## Supplied material
====

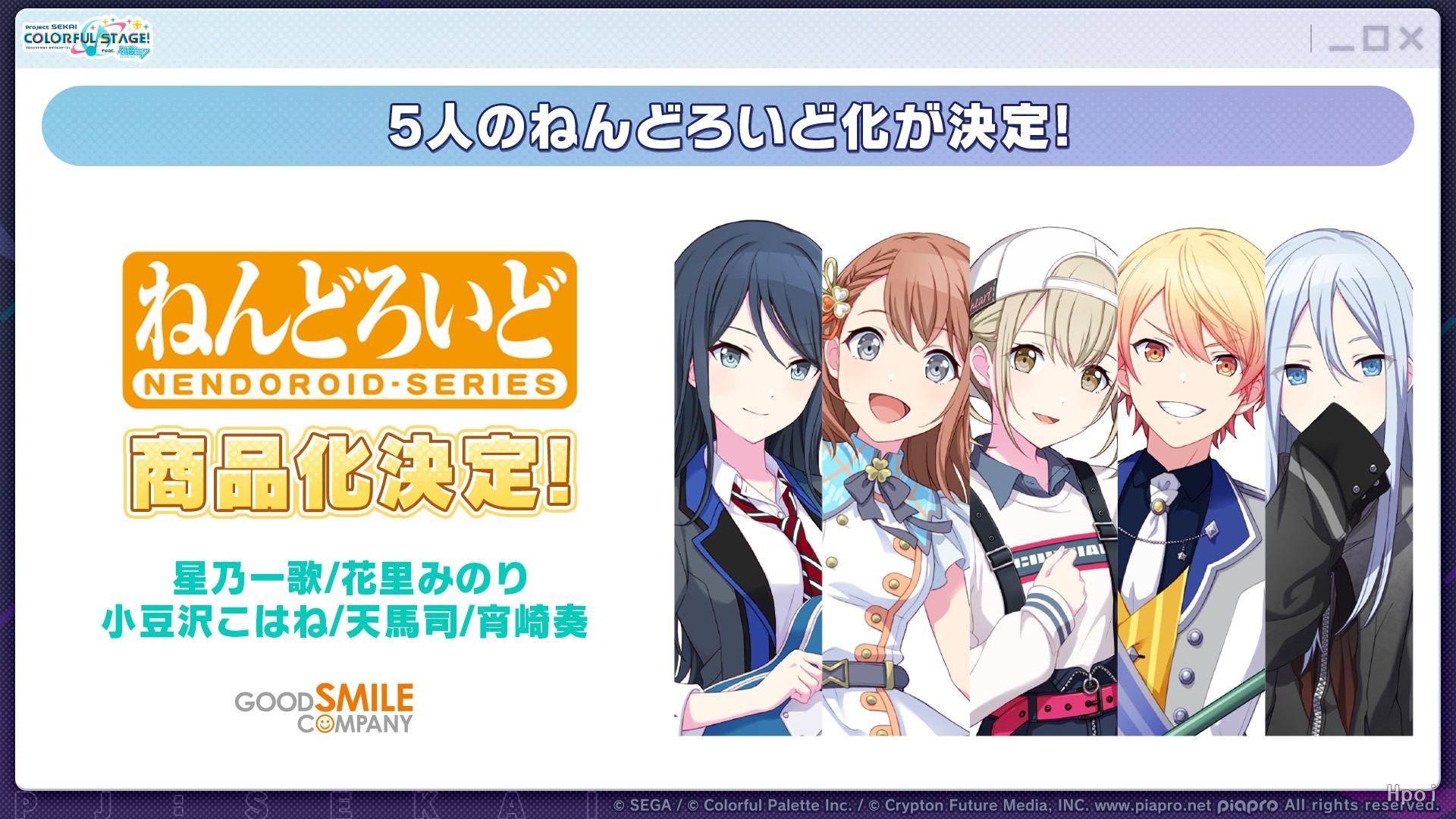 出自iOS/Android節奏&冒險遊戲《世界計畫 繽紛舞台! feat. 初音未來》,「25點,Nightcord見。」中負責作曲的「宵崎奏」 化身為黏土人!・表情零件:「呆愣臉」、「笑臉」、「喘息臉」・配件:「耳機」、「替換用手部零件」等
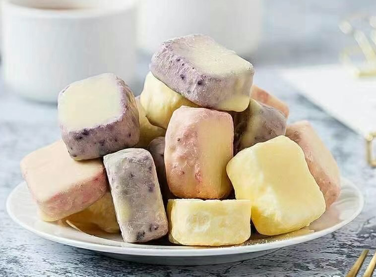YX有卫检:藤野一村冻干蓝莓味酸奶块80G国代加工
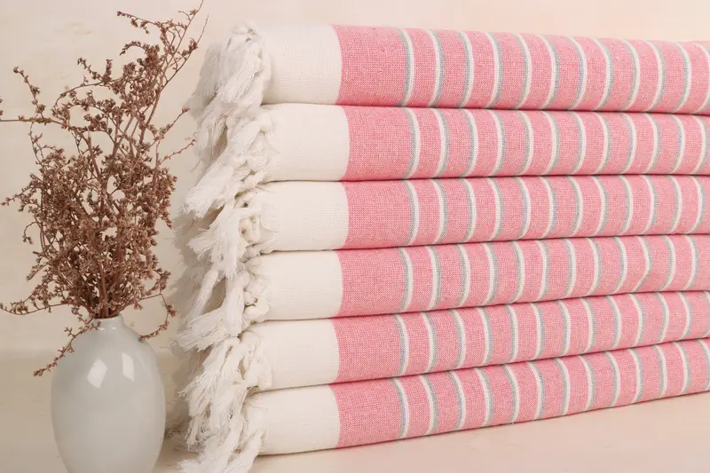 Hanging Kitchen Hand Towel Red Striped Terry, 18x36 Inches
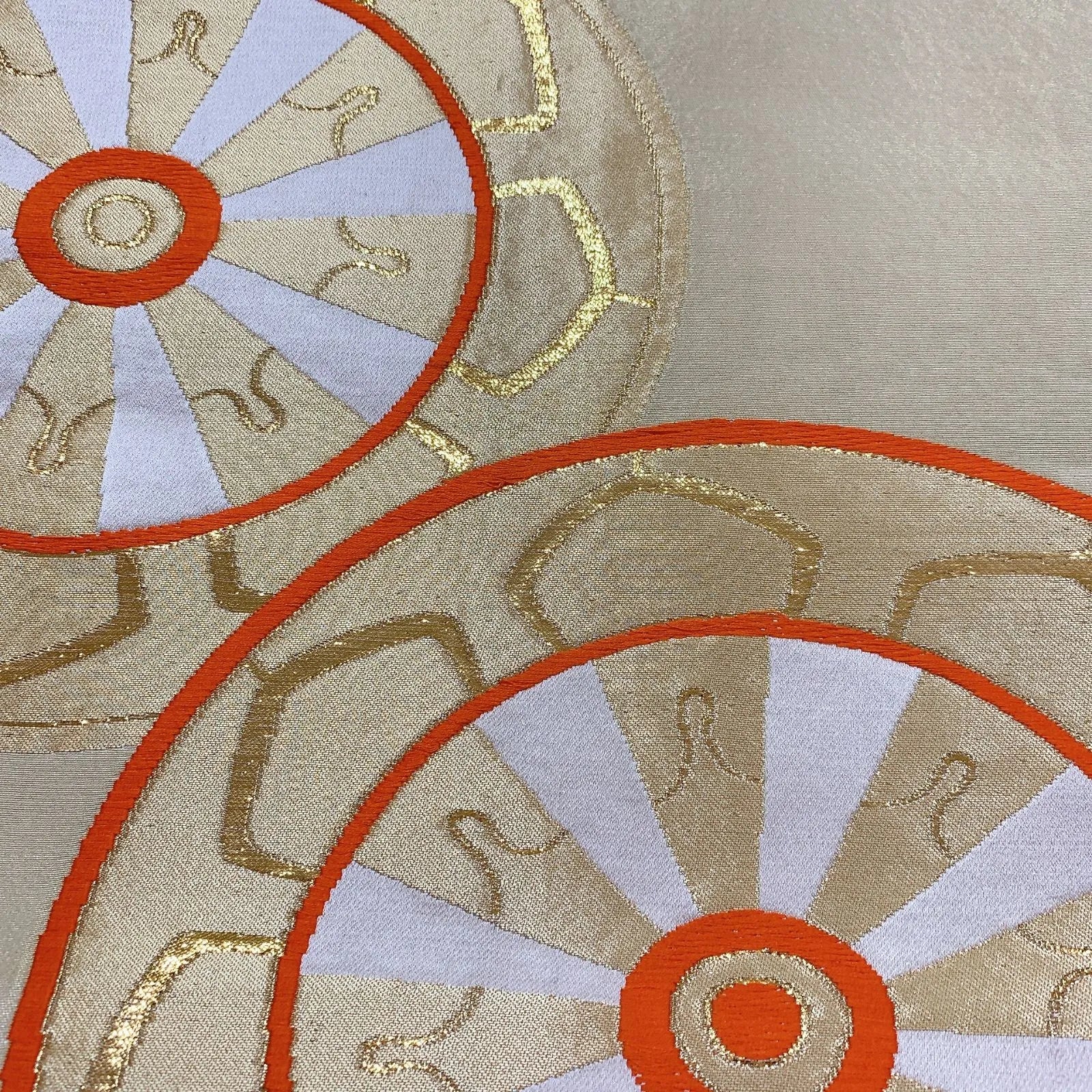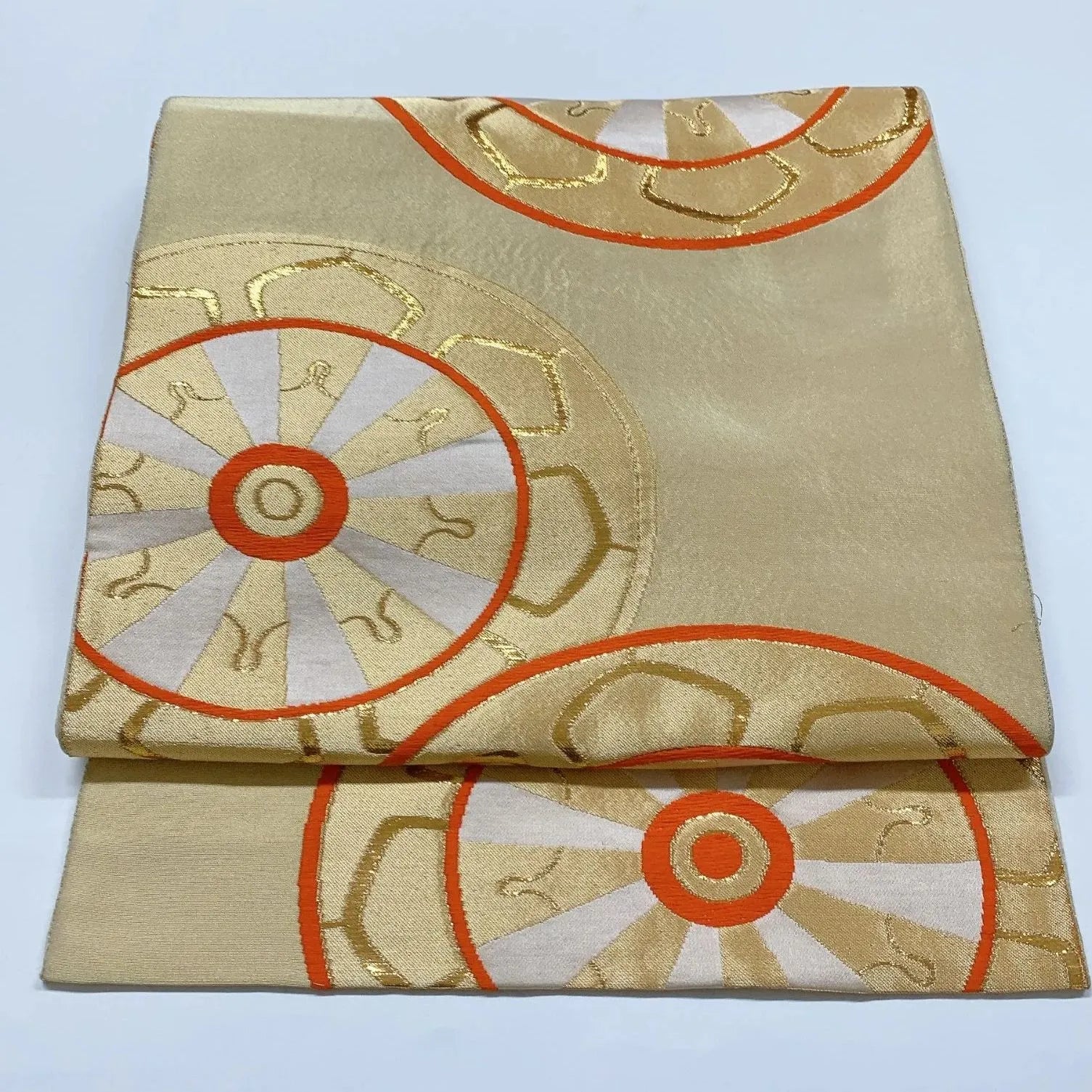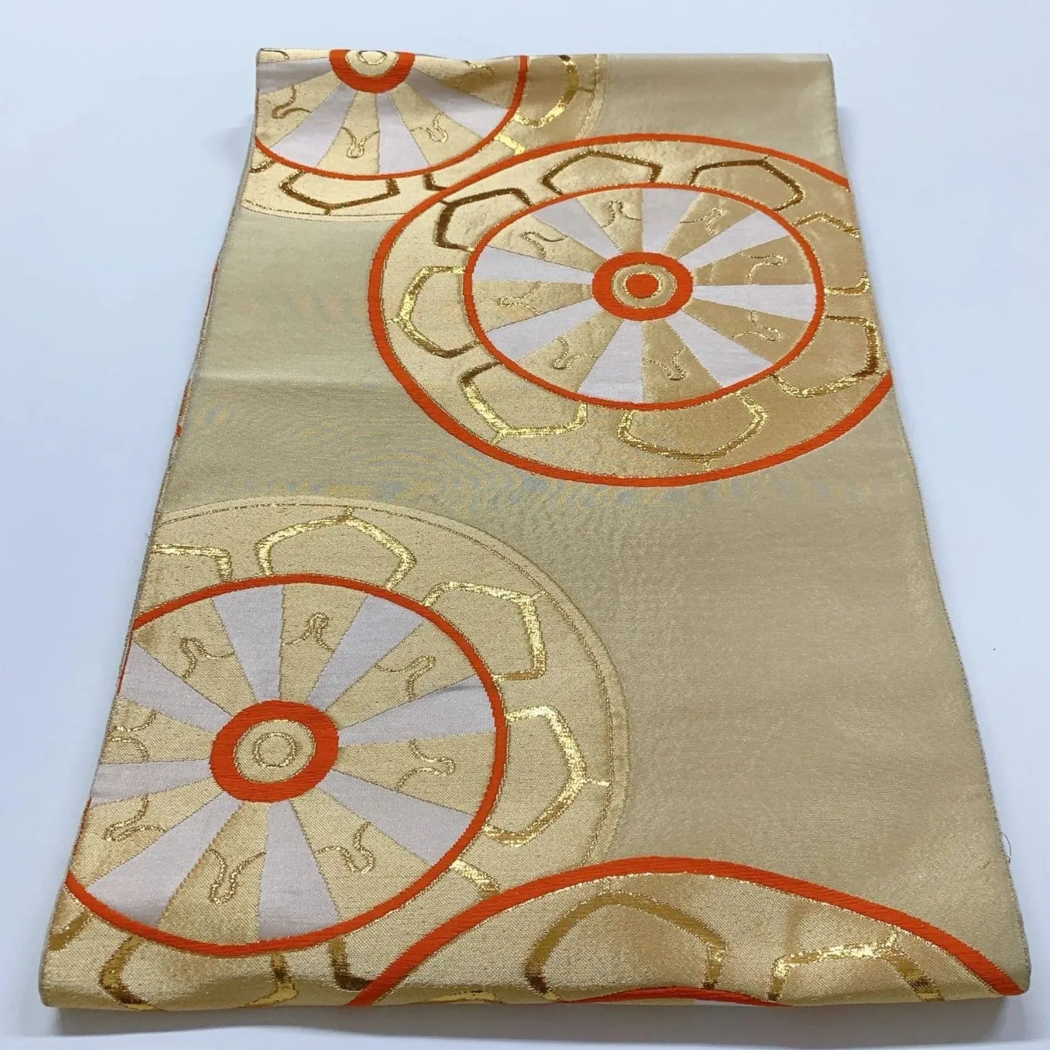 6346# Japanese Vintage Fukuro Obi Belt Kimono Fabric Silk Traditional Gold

====

## What you are asked to do
Return the material word for word, images omitted.

## Output of the task
 出自iOS/Android節奏&冒險遊戲《世界計畫 繽紛舞台! feat. 初音未來》,「25點,Nightcord見。」中負責作曲的「宵崎奏」 化身為黏土人!・表情零件:「呆愣臉」、「笑臉」、「喘息臉」・配件:「耳機」、「替換用手部零件」等
YX有卫检:藤野一村冻干蓝莓味酸奶块80G国代加工
 Hanging Kitchen Hand Towel Red Striped Terry, 18x36 Inches
 6346# Japanese Vintage Fukuro Obi Belt Kimono Fabric Silk Traditional Gold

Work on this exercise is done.